Джин оказался в каюте покойного капитана; он был принесен на палубу, все подкрепились и принялись за работу. Наступила ночь, луна должна была взойти только через несколько часов. На гроте люка поставили лампу для Амалу, который принялся мыть палубу; фонарь из кухни должен был светить остальным, занявшимся делом погребения.

Гольдорсен, Гемстид, Трент и Годдедааль, который еще дышал, были выброшены за борт первыми; за ними последовал Уоллен; затем Уикс, подкрепившийся джином, взобрался наверх с багром и успел сбросить Гэрди.
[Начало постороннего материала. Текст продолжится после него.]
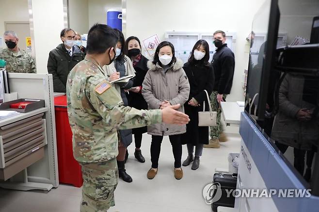 (서울=연합뉴스) 질병관리청 관계자들이 29일 경기 평택시 험프리스 미 육군기지의 브라이언 올굿 병원을 방문해 격리시설, 음압치료실, 코로나19 백신센터 등을 둘러보고 있다. 2021.1.29

Последним был китаец; по-видимому, он был в бреду и громко говорил на незнакомом языке, пока его несли; эта болтовня прекратилась только, когда его тело погрузилось в воду. Броун, с общего согласия, был пока оставлен на месте. Плоть и кровь не могли выдержать больше.
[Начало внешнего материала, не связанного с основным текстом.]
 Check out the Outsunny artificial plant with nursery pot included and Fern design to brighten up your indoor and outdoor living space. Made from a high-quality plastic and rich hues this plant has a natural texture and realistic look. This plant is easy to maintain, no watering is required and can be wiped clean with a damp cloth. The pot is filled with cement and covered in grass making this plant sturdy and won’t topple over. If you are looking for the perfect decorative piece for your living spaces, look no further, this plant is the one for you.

Все время они пили неразбавленный джин, как воду; три откупоренные бутылки стояли в разных местах, и всякий, кто проходил мимо, прикладывался к ним. Томми свалился у грот-мачты; Уикс упал ничком на юте и больше не шевелился; Амалу куда-то исчез. Кэртью еще держался на ногах: он стоял, пошатываясь, на уступе дека, и фонарь, который он держал в руке, раскачивался, следуя за движениями его тела. В голове у него шумело; роились обрывки мыслей; воспоминание об ужасах этого дня то вспыхивало, то угасало, как огонь догорающей лампы. Вдруг на него нашло какое-то пьяное вдохновение.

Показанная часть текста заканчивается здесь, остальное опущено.